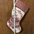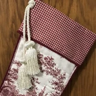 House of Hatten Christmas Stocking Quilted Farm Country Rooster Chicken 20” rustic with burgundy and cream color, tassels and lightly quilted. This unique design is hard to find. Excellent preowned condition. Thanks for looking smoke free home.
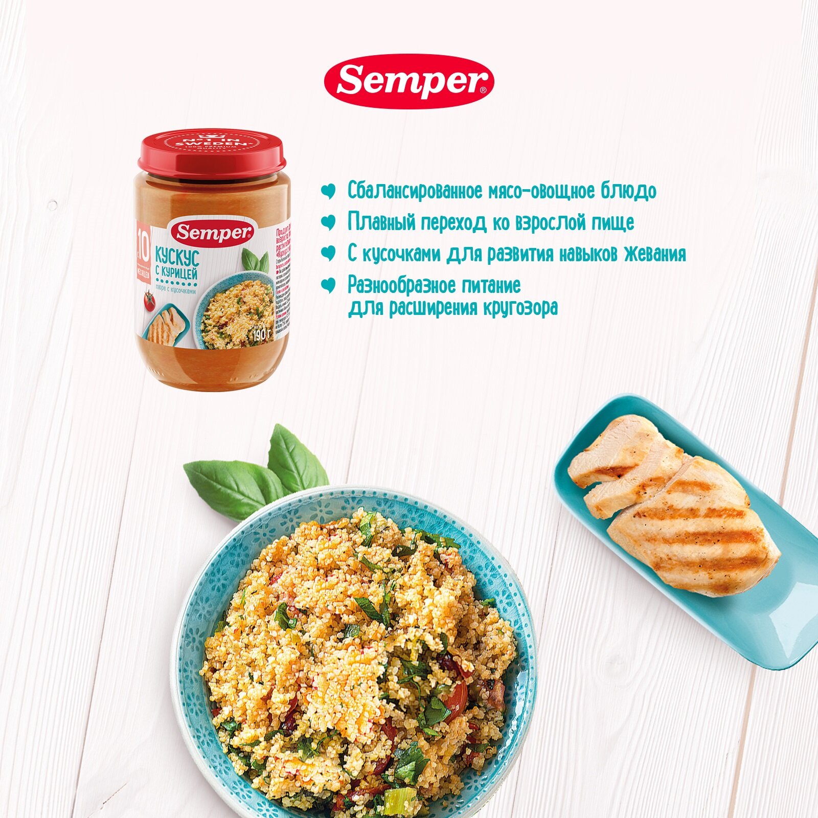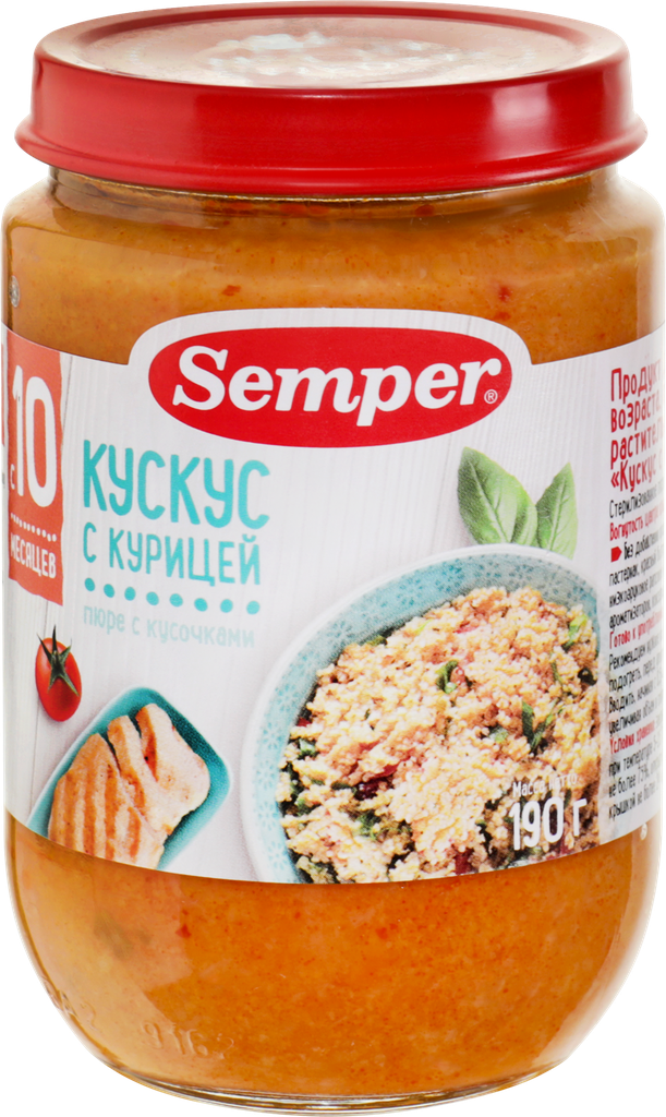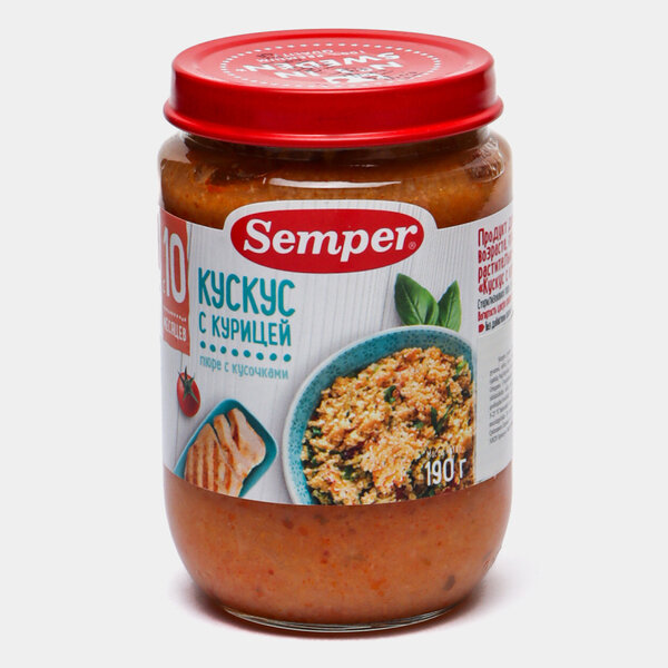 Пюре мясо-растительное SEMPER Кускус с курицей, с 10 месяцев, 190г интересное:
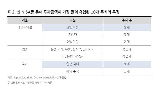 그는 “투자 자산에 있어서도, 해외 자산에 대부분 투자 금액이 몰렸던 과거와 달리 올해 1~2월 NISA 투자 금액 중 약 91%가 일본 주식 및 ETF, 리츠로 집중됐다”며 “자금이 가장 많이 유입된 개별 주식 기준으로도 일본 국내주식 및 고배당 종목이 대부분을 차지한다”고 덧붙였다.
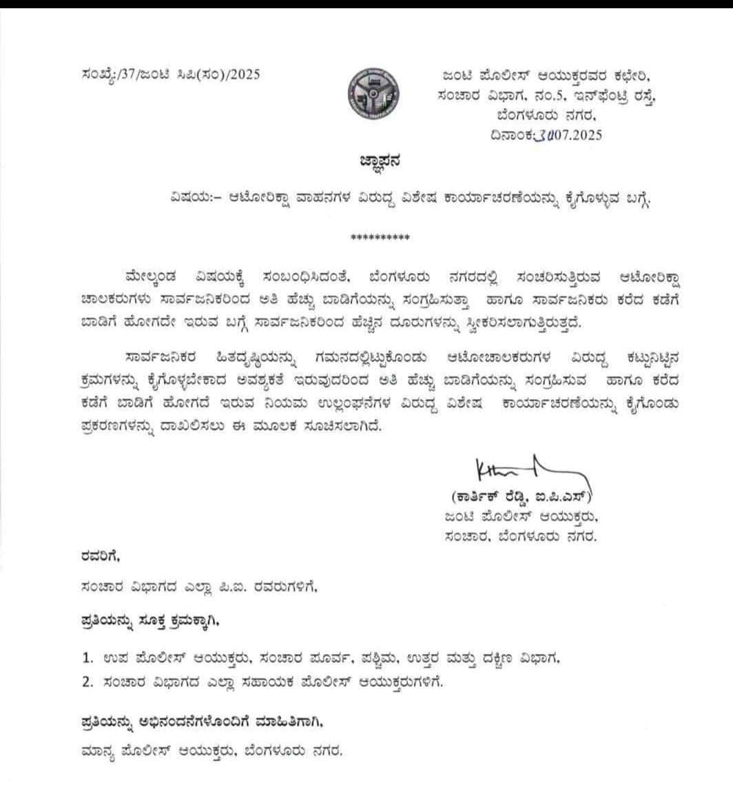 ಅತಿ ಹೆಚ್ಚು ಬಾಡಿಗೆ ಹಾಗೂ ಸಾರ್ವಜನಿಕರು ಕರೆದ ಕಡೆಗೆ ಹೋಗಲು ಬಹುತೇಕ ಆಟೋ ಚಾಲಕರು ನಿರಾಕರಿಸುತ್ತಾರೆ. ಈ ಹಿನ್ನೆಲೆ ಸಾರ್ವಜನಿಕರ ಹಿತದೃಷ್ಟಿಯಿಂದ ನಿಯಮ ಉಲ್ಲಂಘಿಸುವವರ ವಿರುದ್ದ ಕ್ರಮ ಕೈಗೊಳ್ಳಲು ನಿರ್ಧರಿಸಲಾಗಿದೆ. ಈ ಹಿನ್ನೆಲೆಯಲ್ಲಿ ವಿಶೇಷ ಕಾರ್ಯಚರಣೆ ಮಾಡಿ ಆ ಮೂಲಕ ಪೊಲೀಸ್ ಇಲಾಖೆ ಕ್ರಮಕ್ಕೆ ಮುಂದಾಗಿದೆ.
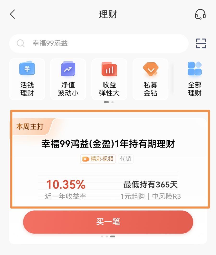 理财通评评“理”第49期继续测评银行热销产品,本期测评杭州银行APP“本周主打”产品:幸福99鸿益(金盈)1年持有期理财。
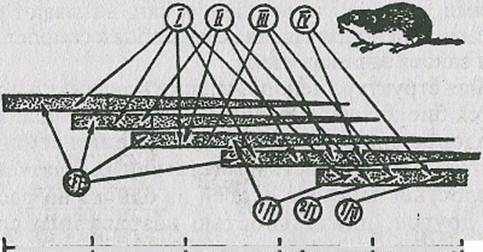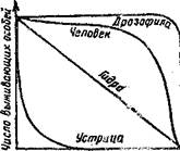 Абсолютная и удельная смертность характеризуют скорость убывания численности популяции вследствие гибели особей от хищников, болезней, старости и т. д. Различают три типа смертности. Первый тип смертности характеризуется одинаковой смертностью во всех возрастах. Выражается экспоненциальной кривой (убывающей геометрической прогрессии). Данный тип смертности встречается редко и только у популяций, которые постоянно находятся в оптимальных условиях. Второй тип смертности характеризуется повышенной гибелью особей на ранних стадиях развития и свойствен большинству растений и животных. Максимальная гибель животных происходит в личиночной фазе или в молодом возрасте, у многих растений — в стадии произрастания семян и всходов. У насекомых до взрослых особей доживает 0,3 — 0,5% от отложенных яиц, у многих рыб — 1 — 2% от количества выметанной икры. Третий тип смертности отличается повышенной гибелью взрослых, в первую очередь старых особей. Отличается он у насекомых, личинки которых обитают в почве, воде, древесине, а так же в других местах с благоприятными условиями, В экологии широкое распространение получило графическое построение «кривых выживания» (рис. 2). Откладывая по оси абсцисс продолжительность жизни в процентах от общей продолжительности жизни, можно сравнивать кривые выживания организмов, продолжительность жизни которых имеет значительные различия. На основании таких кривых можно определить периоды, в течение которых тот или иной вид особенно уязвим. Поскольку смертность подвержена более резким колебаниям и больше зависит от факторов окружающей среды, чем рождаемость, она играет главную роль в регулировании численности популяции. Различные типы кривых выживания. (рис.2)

=== Problem to solve ===
Skip the pictures, please, and transcribe only the lines from the beginning of the material through the one that contains "자산에 있어서도, 해외".

=== Response to the exercise ===
 House of Hatten Christmas Stocking Quilted Farm Country Rooster Chicken 20” rustic with burgundy and cream color, tassels and lightly quilted. This unique design is hard to find. Excellent preowned condition. Thanks for looking smoke free home.
 Пюре мясо-растительное SEMPER Кускус с курицей, с 10 месяцев, 190г интересное:
 그는 “투자 자산에 있어서도, 해외 자산에 대부분 투자 금액이 몰렸던 과거와 달리 올해 1~2월 NISA 투자 금액 중 약 91%가 일본 주식 및 ETF, 리츠로 집중됐다”며 “자금이 가장 많이 유입된 개별 주식 기준으로도 일본 국내주식 및 고배당 종목이 대부분을 차지한다”고 덧붙였다.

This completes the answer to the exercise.